In this post, we’re going to discuss the main difference between Freewheel and Cassette.
Table of Contents
- Freewheel vs Cassette Comparison
- What is Freewheel?
- Cassette Freehubs
Freewheel vs Cassette Comparison
- Consist of a mechanism that makes coasting possible.
- Commonly 5-, 6- or 7-speeds
- Freewheel is an older version which is screwed on traditional rear hubs
- Freewheels screw onto the hub without any tools for installation and removal.
- Extractor splines do not turn when sprockets are spun backward
- Installing a freewheel is quite easy, and requires no tools at all.
- Built-in ratchet mechanism
- Commonly 7-, 8-, 9- or 10-speeds
- Cassette Freehub is the new standard
- A special tool is needed to remove and retighten the lockring on the road.
- Lockring splines turn with sprockets when spun backward
- Many cassette Freehubs have a distinctive bulge on the right end of the hub barrel.
Steps to determine if a sprocket is a Freewheel or Cassette system
Remove the rear wheel from the bike. Find the tool fitting on the sprocket set.
Spin the sprockets backward.
If the fittings spin with the cogs,
it is a cassette system with a freehub.
If the tool fittings do not spin with the cogs,
it is a threaded freewheel system.
Bicycle Freewheel Thread-on
Generally, a standard freewheel/sprocket cluster could be screwed on traditional rear hubs which came with a standardized set of threads.

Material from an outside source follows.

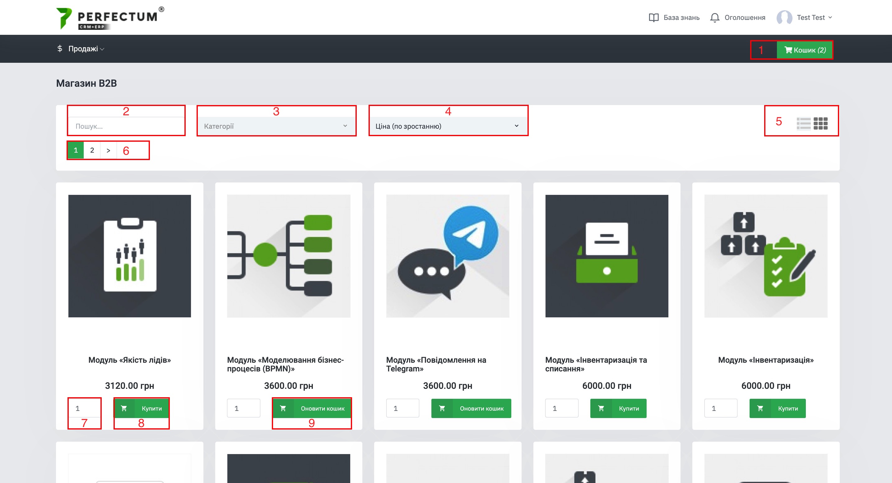 - Кнопка "Кошик" - для переходу до вибраних модулів для покупки.

As per this structure, any brand of freewheel could be mounted on any brand of the hub.
Further, you could easily unscrew the cluster of sprockets if they were worn out or you simply wanted a different gear ratio and quickly install a new one as a replacement.
What is Freewheel?
A Freewheel is a mechanism or the part which makes coasting possible.
A ratchet mechanism that allows the rear sprocket(s) to drive the wheel when pedaled forward, but allows the wheel to turn forward independently even when the sprockets are not turning.
A standard freewheel attaches to a hub by screwing on to external threads that are part of the hub.
So through the action of pedaling, it tightens the freewheel down on the threads. Therefore, no special tools are required to install a freewheel.
However, if you want to remove a freewheel requires a special tool, commonly called a “freewheel puller” or “freewheel extractor”. An example is the park tool freewheel remover.
Freewheels are normally sold with the sprockets attached, so the term Freewheel is frequently used as a synonym for a cluster of sprockets.
Over the years, the Shimano “Freehub” gradually replaced the conventional threaded rear hub.
As a result of the interchangeability that formerly existed with the traditional rear hubs on which different brands of Freewheels could be screwed on.
However, modern freehubs work so well that they have come to represent the new “standard.”
In fact, most decent-quality bikes made since the late 1980s have used this greatly improved design.
A Freehub is a Shimano trademark for a rear hub in which the freewheel mechanism is built into the hub itself, rather than being part of the sprocket cluster. Most freehubs use a cassette of sprockets.
The middle part of a wheel, to which the inside ends of the spokes attach. A hub consists of an axle, which attaches to the fork ends; a shell, to which the spokes attach, and bearings to connect the axle to the shell, permitting the shell to revolve around the axle.
In the case of a rear hub, the shell would also have a provision for attaching the rear sprocket(s).
Installing a freewheel is quite easy, and requires no tools at all.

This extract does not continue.